You can accomplish this transformation using the StandardScaler. One way to streamline this is to replace the passthrough argument in the make_column_transformer.

# transformer for scaling
encoder = make_column_transformer((ohe, cat_cols), 
                                  remainder=StandardScaler())
# fit and transform
X_train_encoded = encoder.fit_transform(X_train)
# transform
X_test_encoded = encoder.transform(X_test)
# instantiate and fit
knn = KNeighborsClassifier().fit(X_train_encoded, y_train)
# score train and test
print(knn.score(X_train_encoded, y_train))
print(knn.score(X_test_encoded, y_test))
0.976
0.9684

Streamlining data preparation and modeling with Pipeine#

The Pipeline object allows you to chain together different transformers and estimator objects from scikitlearn. In our example, this involves first using the make_column_transformer and then to KNearestNeighbor classifier. See the user guide here for more examples.

# create a Pipeline
pipe = Pipeline([('encode', encoder), 
                 ('knn', knn)])
# fit the train data
pipe.fit(X_train, y_train)
/Library/Frameworks/Python.framework/Versions/3.12/lib/python3.12/site-packages/sklearn/compose/_column_transformer.py:1623: FutureWarning: 
The format of the columns of the 'remainder' transformer in ColumnTransformer.transformers_ will change in version 1.7 to match the format of the other transformers.
At the moment the remainder columns are stored as indices (of type int). With the same ColumnTransformer configuration, in the future they will be stored as column names (of type str).
To use the new behavior now and suppress this warning, use ColumnTransformer(force_int_remainder_cols=False).

  warnings.warn(
Pipeline(steps=[('encode',
                 ColumnTransformer(remainder=StandardScaler(),
                                   transformers=[('onehotencoder',
                                                  OneHotEncoder(drop='if_binary',
                                                                sparse_output=False),
                                                  ['student'])])),
                ('knn', KNeighborsClassifier())])
In a Jupyter environment, please rerun this cell to show the HTML representation or trust the notebook.
On GitHub, the HTML representation is unable to render, please try loading this page with nbviewer.org.
# score the train and test
pipe.score(X_train, y_train)
0.976

Visualizing Performance#

sklearn offers a few visualizers for evaluating a classification model. An important starting one is the ConfusionMatrixDisplay tool, demonstrated below.

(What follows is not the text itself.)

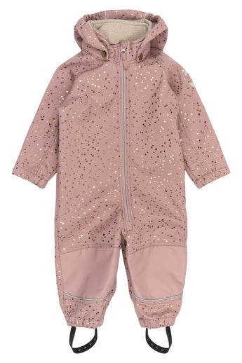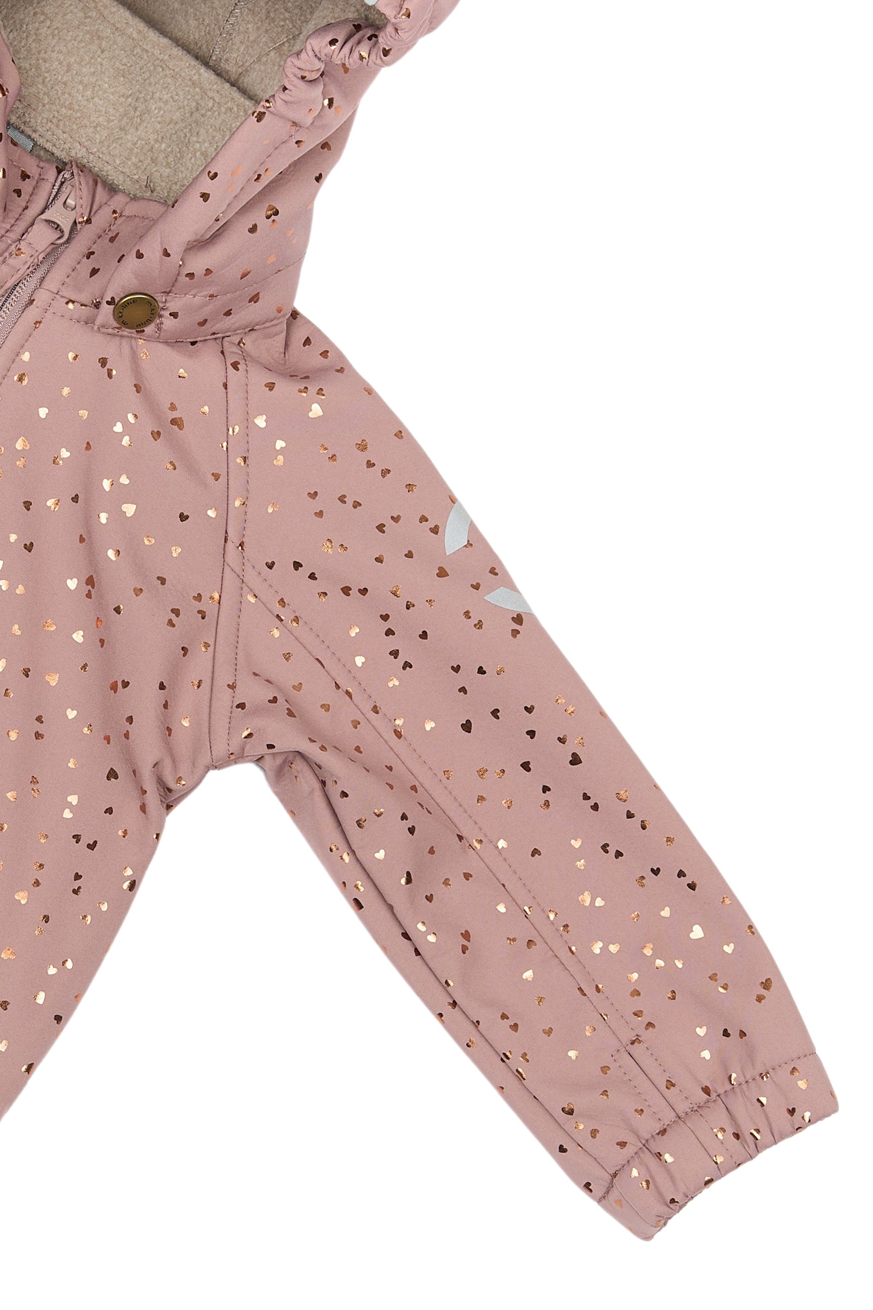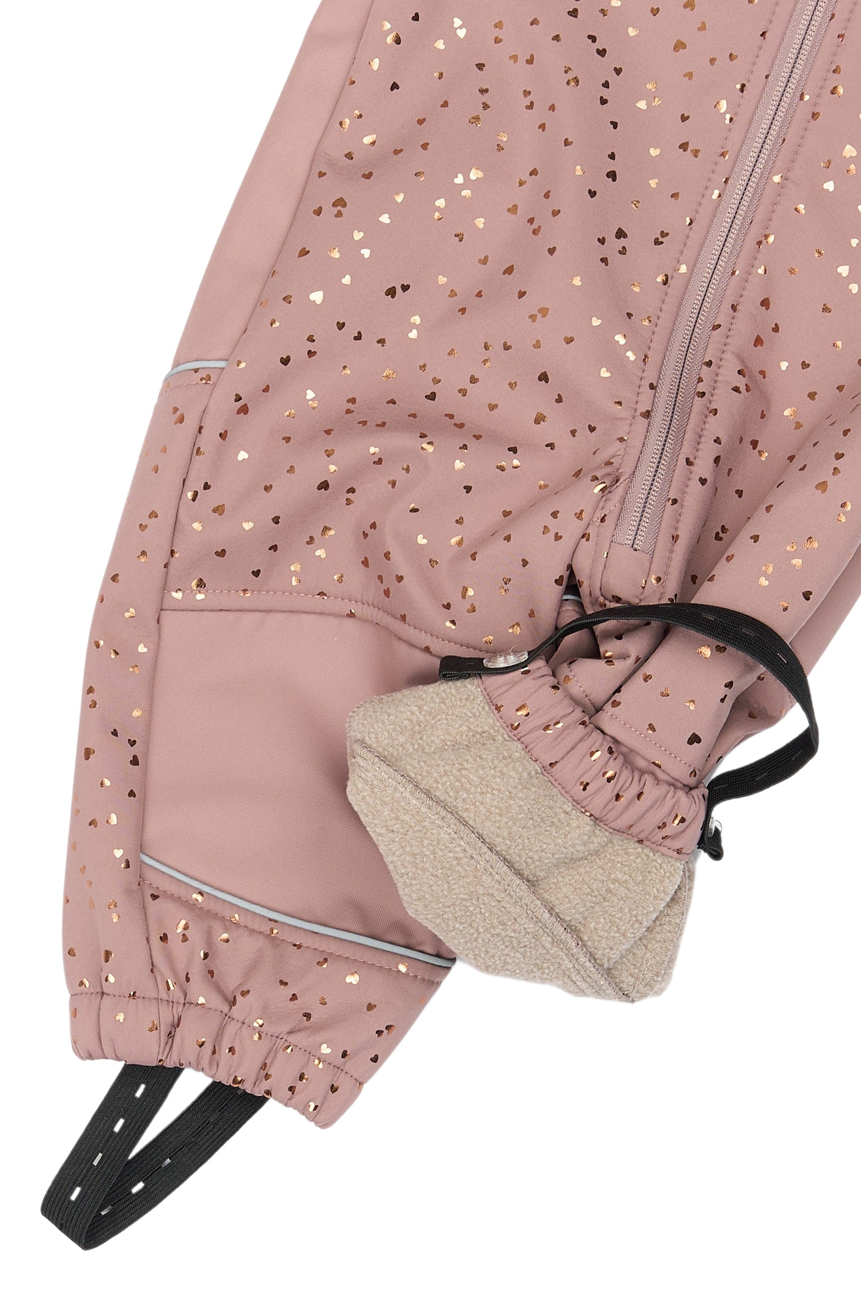 Mikk-Line - Sød softshelldragt i rosa med guldhjerter, twilight mauve

from sklearn.metrics import ConfusionMatrixDisplay
cmat = ConfusionMatrixDisplay.from_estimator(pipe, X_train, y_train)
plt.title('Training Data Performance');
_images/fcbde2e4bac3a9fdedf5fe30c155610d61ec267eaede88b1609c68b87e90e4ce.png
cmat2 = ConfusionMatrixDisplay.from_estimator(pipe, X_test, y_test)
plt.title('Test Data Performance');
_images/31c3eb21942d04f06289f9929631946ccdf151d7bbdd2f971ad1fd55e1b33374.png

Summary#

While the KNN model is easy to understand and implement, there are many other classification algorithms that frequently will perform better and contain interpretable parameters. Next class, we will examine one such example with LogisticRegression and the following week we will examine tree models and ensembles.